# Enjoying the fall scenery with my senior girl



## BeccaB (Feb 22, 2012)

It's been a lovely fall so far this year and me and my girl have taken advantage of the weather to enjoy almost daily 6 mile walks in the hills. My daughter started headstart this fall and quite honestly these walks with her have helped keep my sanity. Literally thought i'd go crazy missing Rosie during the days while she's in school as the house is just tooo quite without her home. Of course ginnie is often quit disgusted with me on these walks as its squirrel season and my mom has trained and used her the past 3 years to retrieve the squirrels so when she see's a squirrel she thinks i should shoot it and gives me looks that say...."there's the squirrel...shoot it, shoot it...why are you not shooting it...here let me point it out for you". which normally leads to her giving me dirty looks as i only take pics of the squirrel and she lay's down sighs in dissapointment. Another benefit to these walks is over the summer she's slimmed down another 6lbs and i've lost 10 in the past month and a half. Its cold and rainy today so no walk for either of us and she's snoozing right now on her blanket. anyways onto pictures.
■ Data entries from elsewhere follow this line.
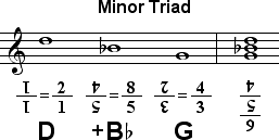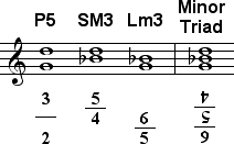 The minor triad also contains a Perfect Fifth, 2:3, and a Small Major Third, 5:4 is incidentally found between the two upper tones of the triad.
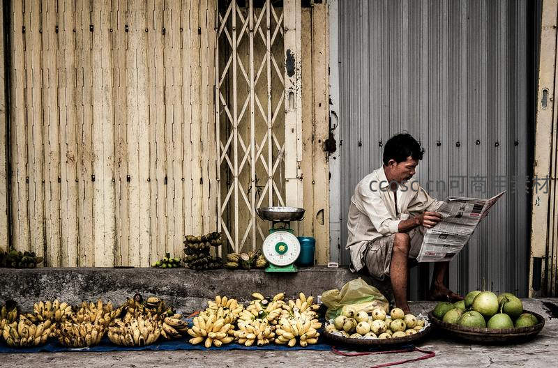 一位小贩在街边水果摊前坐着,专注地阅读报纸,身旁摆放着成堆的香蕉和椰子,展现了市井生活的宁静与日常。
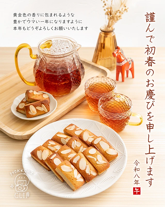 さて、今年の年賀状は、年末に焼いたフィナンシェの写真を全面に押し出した、趣味全開のデザインとなりました。
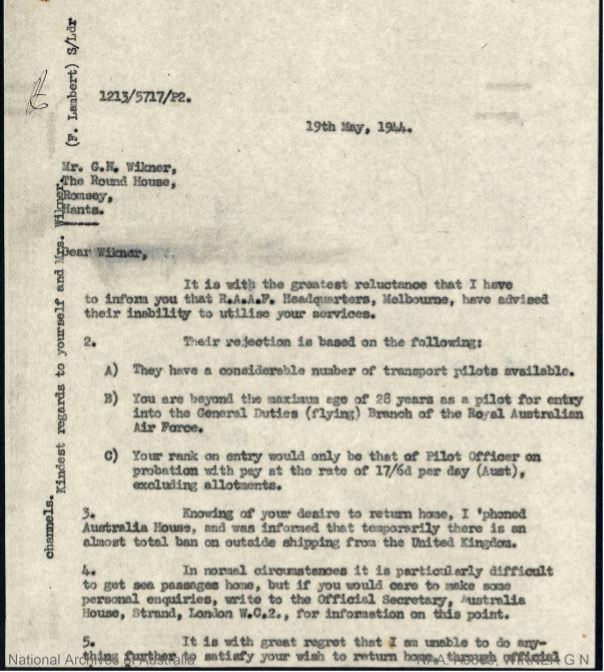 Letter dated 19 May 1944, rejecting Wikner’s application to join the Australian Ferry Company [National Archives of Australia]
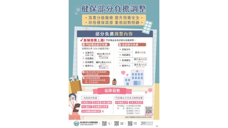 如重大傷病、分娩、山地離島地區就醫,及原本由其他單位補助的低收入戶、榮民、3歲以下兒童、警察消防海巡空勤軍人、油症患者、替代役役男等對象,不受影響;另為保障中低收入戶、持身心障礙證明民眾的就醫權益,亦不會受本次方案調整影響。健保署表示,這次部分負擔調整的目的,是為落實分級醫療與珍惜醫療資源,期待民眾就醫分流,緩解大型醫院急診人滿為患的現況;對穩定的慢性病人而言,鼓勵到基層診所就醫,不影響其就醫支出。在預告期間,健保署將持續蒐集各界意見並完備調整方案上路之相關配套措施,希望透過本次部分負擔調整,能引導民眾正確就醫行為,提升用藥安全,珍惜醫療資源,促進醫療服務效率,使健保效益極大化。
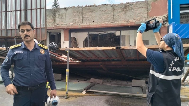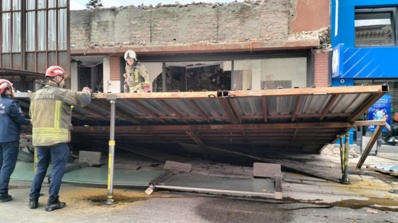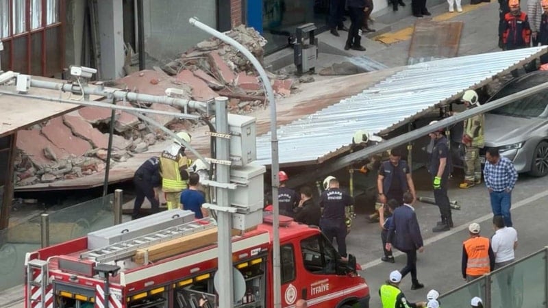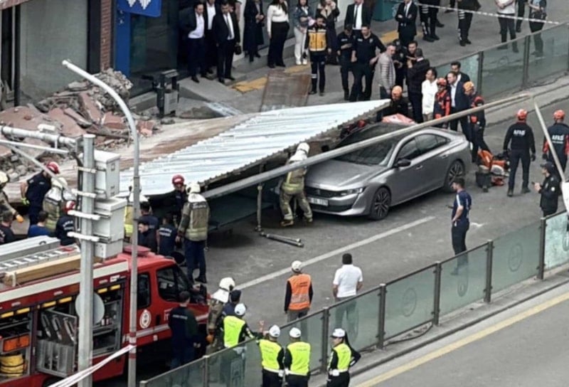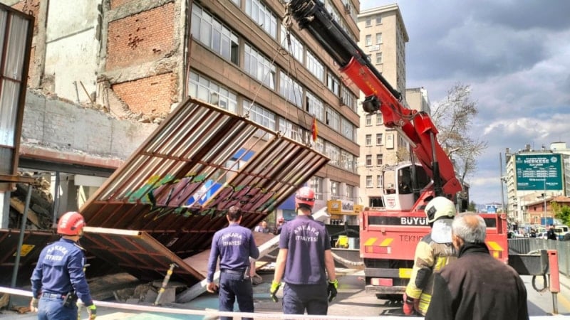 Ankara Altındağ ilçesinde bulunan 4 katlı binanın kontrollü yıkımı sırasında güvenlik amacıyla çevresine çekilen bariyer, caddede yayalar ile park halindeki bir otomobilin üzerine devrildi.
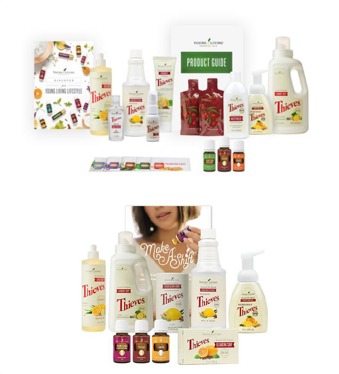 You can start with one of the Premium Starter Kits Young Living put together for you or with single items you desire to try out. There are three types of starter kits you can chose from to get acquinted with Young Living and their products: with a diffuser, based on their cleaning line Thieves, and NingXia, a line within their culinary section. See below the kits YL offers.

looking at this picture its hard for me to believe she'll be 10 this december, if it wasn't for the grey she looks almost like a puppy again.
























































wishing i'd shoot the squirrel


----------



## CAROLINA MOM (May 12, 2009)

Beautiful pictures, your Ginnie is a beautiful Old Gold and your little Rosie is so adorable and precious.

Congrats to you and Ginnie on your weight loss, that's fantastic! It's great to hear Ginnie is doing so well, she's obviously feeling great, love seeing them act like a puppy.


----------



## GoldenCamper (Dec 21, 2009)

Beautiful pics of your girls. Glad ginnie bug is doing well and enjoying these autumn walks  Best time of year IMO.


----------